Vaccines create abilities not found in nature, and antibiotics, most of which are synthetic, facilitate surgeries that allow us to improve and extend our lives beyond what is “normal” for our species.

The desire to increase our powers beyond the norm didn't begin with birth control or some abstract ideology called "transhumanism." It is so old that it is included in one of the basic myths of our civilization, the story of Prometheus who stole fire from the gods to improve the human condition after the brutality of nature.

technology and traditions

This desire to improve one's abilities becomes particularly evident when we realize that evolution does not always choose health, happiness, or longevity. In fact, it rewards heinous behavior like rape and infanticide of non-relatives, increasing the chances that our genes will find their way into future bodies. We should be free to try to improve on what nature has given us. This is all the more important considering the increased mutational burden of the modern population, which civilization has facilitated through subsidized health and welfare programs. by 8 o'clock

However, Harrington was right that reproductive freedom should not trump all other values, and Perry was right that sex and marriage are about more than consent and autonomy. We have reason to be wary of the broader social implications of reproductive technologies.

But Harrington has other issues with the technology that I think we should ignore. The concern is the same. “My expectation is that if we find a 'cure' to aging, it won't be available to the general public. It will be very expensive and will primarily serve as a tool to further consolidate resources and power.”

This objection is flawed for two reasons. First, any innovation starts out expensive and difficult. But when the rich spend money on it, there is an effect of scale. Whether it's glasses or books, the market makes innovation cheaper and better, and ultimately more accessible. And of course the state can subsidize this process.

The techno-traditionalists who coined the term in Harrington's sense have come to different values ​​over time.

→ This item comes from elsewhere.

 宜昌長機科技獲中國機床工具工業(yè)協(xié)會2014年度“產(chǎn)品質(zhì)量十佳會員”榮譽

The technical trade upholds the platonic ideals of truth, beauty, and goodness. They subscribe to the Aristotelian idea that happiness comes from living a perfect life, not from hedonism. And they understand, following Darwin and Nietzsche, that the natural abilities necessary for a good life are unequally distributed within and between population groups. Therefore they are willing to allow discrimination in the service of other transcendent values.

Technology traders want to use scientific innovations to improve and extend their lives and those of their children. They also want to make it accessible to the entire community. They accept this technology even if it goes against the intuition they use—no doubt a useful heuristic in ancestral situations—that normal is sane and abnormal is suspicious.

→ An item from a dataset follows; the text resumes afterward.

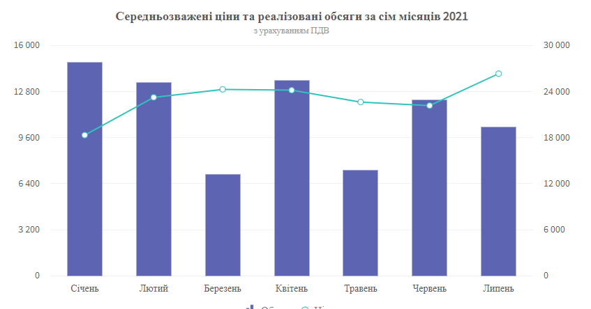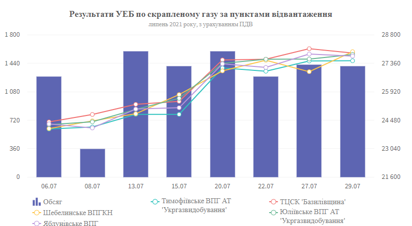 В июле 2021 позиции на продажу сжиженного газа своих структурных подразделений выставляло АО «Укргаздобыча». За анализируемый период на УЭБ было проведено 8 аукционов. Реализовано 10336 т сжиженного газа общей стоимостью 271, 9 млн грн с учетом НДС. Средневзвешенная цена сложилась на уровне 26 313,83 грн/т, что больше цены предыдущего месяца на 18,76%. В общем средневзвешенные цены колебались в диапазоне 24 190,34 - 27 761,92 грн/т. На графике №1 изображено объем реализованной продукции и цены по пунктам отгрузки, а именно Шебелинского ВПГКН, Тимофеевского, Яблунивского, Юлиевского ВПГ АО "Укргаздобыча" и ТЦСК "Базилевщина".

Like reactionary feminism, “techno-traditionalism” is a meme-age game. But the idea is serious. A reproductive revolution is imminent. Embryonic selection for mental and physical traits is inevitable, and the technology to activate it (gametogenesis in vitro) is only a few years away.

Harrington and Perry are valuable voices in an era of intellectual conformity. Those who call themselves progressives have a right to question whether the "progress" they proclaim is real. However, I think they are wrong on some aspects of reproductive technology.

I write this in a spirit of friendly dissent, realizing that it is better to have an open discussion about the values ​​our civilization is meant to uphold than to wake up drunk in a pub, stumbling around blindfolded and wondering how we are can advance. There.